Input field separator. If fs is already set, this option is primarily used.

  • Default value is space .
  • Format: ifs=STR

Example

$ cat myfile3
AA,AB,AC,AD
BA,BB,BC,BD

# "," separated input -> " " separated output.
$ cat myfile3 | stairr ifs=","
AD
AC AD
AB AC AD
AA AB AC AD
BD
BC BD
BB BC BD
BA BB BC BD

ofs

Output field separator. If fs is already set, this option is primarily used.

  • Default value is space .
  • Format: ofs=STR

Example

$ cat myfile3
AA,AB,AC,AD
BA,BB,BC,BD

# "," separated input -> "_" separated output.
$ cat myfile3 | cycle ifs="," ofs="_"
AA_AB_AC_AD
AB_AC_AD_AA
AC_AD_AA_AB
AD_AA_AB_AC
BA_BB_BC_BD
BB_BC_BD_BA
BC_BD_BA_BB
BD_BA_BB_BC

# "," separated input -> tab separated output.
$ cat myfile3 | dupl ifs="," ofs="\t" 2
AA      AB      AC      AD
AA      AB      AC      AD
BA      BB      BC      BD
BA      BB      BC      BD

eor

End of record (a.k.a, row). Result of each line (record) is separated with new line \n in default. This option changes the string for separating each record.

  • Default value is new line \n.
  • Format: eor=STR

Example

$ cat myfile4
AA AB AC AD
BA BB BC BD

$ cat myfile4 | stairl
AA           # End of record
AA AB        # End of record
AA AB AC     # End of record
AA AB AC AD  # End of set
BA           # End of record
BA BB        # End of record
BA BB BC     # End of record
BA BB BC BD  # End of set

$ cat myfile4 | stairr eor=" @@@ "
AD @@@ AC AD @@@ AB AC AD @@@ AA AB AC AD
BD @@@ BC BD @@@ BB BC BD @@@ BA BB BC BD

eos

End of set. Set means, all results generated from single line, in this manual.

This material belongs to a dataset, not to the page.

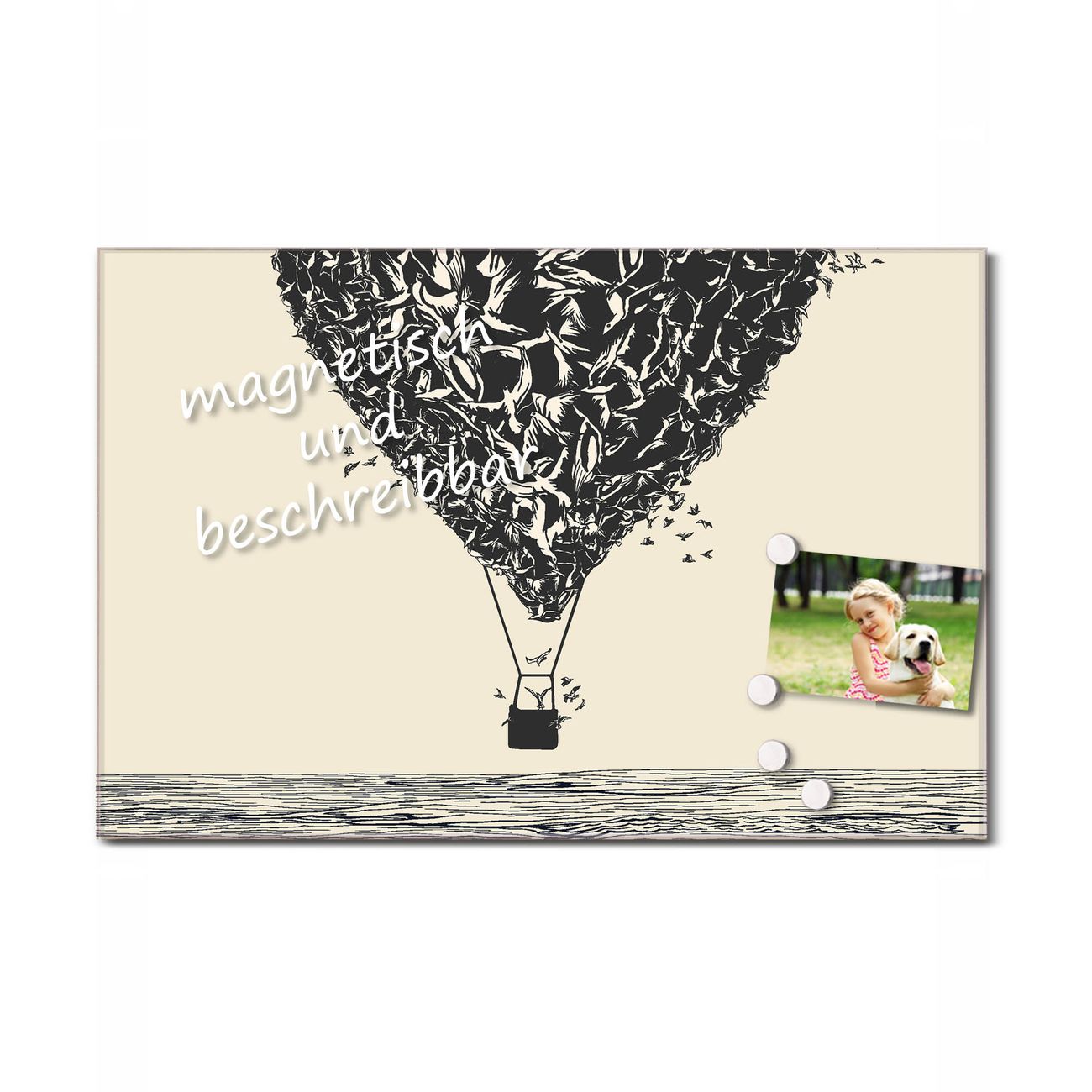 Bitte beachten Sie, dass ausschließlich spezielle Magnete an der Glastafel haften! Wir empfehlen banjado Neodym Magnete, diese sind durch uns auf Wirksamkeit geprüft.

  • Default value is new line \n.
  • Format: eos=STR

Example

$ cat myfile4
AA AB AC AD
BA BB BC BD


$ cat myfile4 | stairl eos="---"
AA
AA AB
AA AB AC
AA AB AC AD
---
BA
BA BB
BA BB BC
BA BB BC BD

$ cat myfile4 | stairl eos="---" eor=" @@@ " ofs=" | "
AA @@@ AA | AB @@@ AA | AB | AC @@@ AA | AB | AC | AD
---
BA @@@ BA | BB @@@ BA | BB | BC @@@ BA | BB | BC | BD

Tips

A special command line option each is available in flat, conv and slit commands. The option changes command's behavior to "each line mode". In default, those commands handle whole the standard input (STDIN). However with this option, those commands can read each line and print the result.

Example

$ cat myfile4
AA AB AC AD
BA BB BC BD

$ cat myfile4 | flat 3
AA AB AC
AD BA BB
BC BD

$ cat myfile4 | flat each 3
AA AB AC
AD
BA BB BC
BD

$ cat myfile4 | conv each 3 eos="---"
AA AB AC
AB AC AD
---
BA BB BC
BB BC BD

Uninstall

$ make uninstall

License

Software License

This software is released under the MIT License. See LICENSE

External Library

UnitTest.hs is distributed on egison/egison under the MIT license.

Logo

Creative Commons License
The logo is licensed under a Creative Commons Attribution-NonCommercial 4.0 International License.